# 3-dimensional vector problem

1. Oct 20, 2011

### ibysaiyan

1. The problem statement, all variables and given/known data
The set of questions is:
The points A, B, C have position vectors
a = 5i+4j+2k
b = 4i−5j+3k
c = 2i−j−2k

(d) Find the vector equation for the line
passing through A and C
(e) Find the nearest distance from the
point B to this line.

2. Relevant equations
r=A+$\lambda B$

3. The attempt at a solution

My working is as following:
First I need to find out vector AC [direction vector] which is : -3i -5j -4k, so when I substitute in -3i -5j -4k into vector B and any of the given points, this should give me the equation of the line. Which's : r = 5i+4j+2k $\lambda B$ (-3i -5j-4k)

Part e )

Now I think there are two ways of finding out the shortest distance between a given point and a line.
The question's :
My working:
Let H be the point which's perpendicular to the line and is at a shorter distance.
Since H is on the line , then using the equation of the line I get OH = ( 5-3 $\lambda$ , -5$\lambda$ +4, -4$\lambda$ +2k)

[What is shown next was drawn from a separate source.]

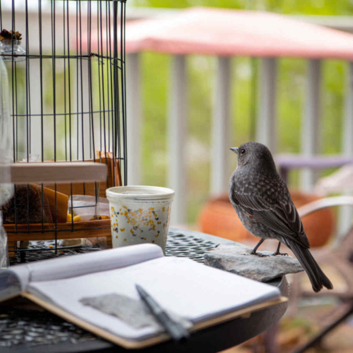 Placing a chair or bench near bird feeders makes an excellent journaling corner for observing wildlife.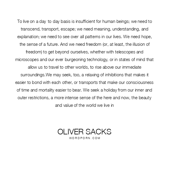 To live on a day-to-day basis is insufficient for human beings; we need to transcend, transport, escape; we need meaning, understanding, and explanation; we need to see over-all patterns in our lives. We need hope, the sense of a future. And we need freedom (or, at least, the illusion of freedom) to get beyond ourselves, whether with telescopes and microscopes and our ever-burgeoning technology, or in states of mind that allow us to travel to other worlds, to rise above our immediate surroundings.We may seek, too, a relaxing of inhibitions that makes it easier to bond with each other, or transports that make our consciousness of time and mortality easier to bear. We seek a holiday from our inner and outer restrictions, a more intense sense of the here and now, the beauty and value of the world we live in

Therefore, Vector BH = H + (-B) = ( 1-3$\lambda$ , -5$\lambda$ +9 ,-4$\lambda$ -1)
The condition which arises is that BH is perpendicular to direction vector of the equation i.e : -3i -5j-4k

In other words dot product = 0 ,
which gives me the value of lamba = 22/25

In the end the distance of the length OH which i have found out is :about 2.7 to s.f)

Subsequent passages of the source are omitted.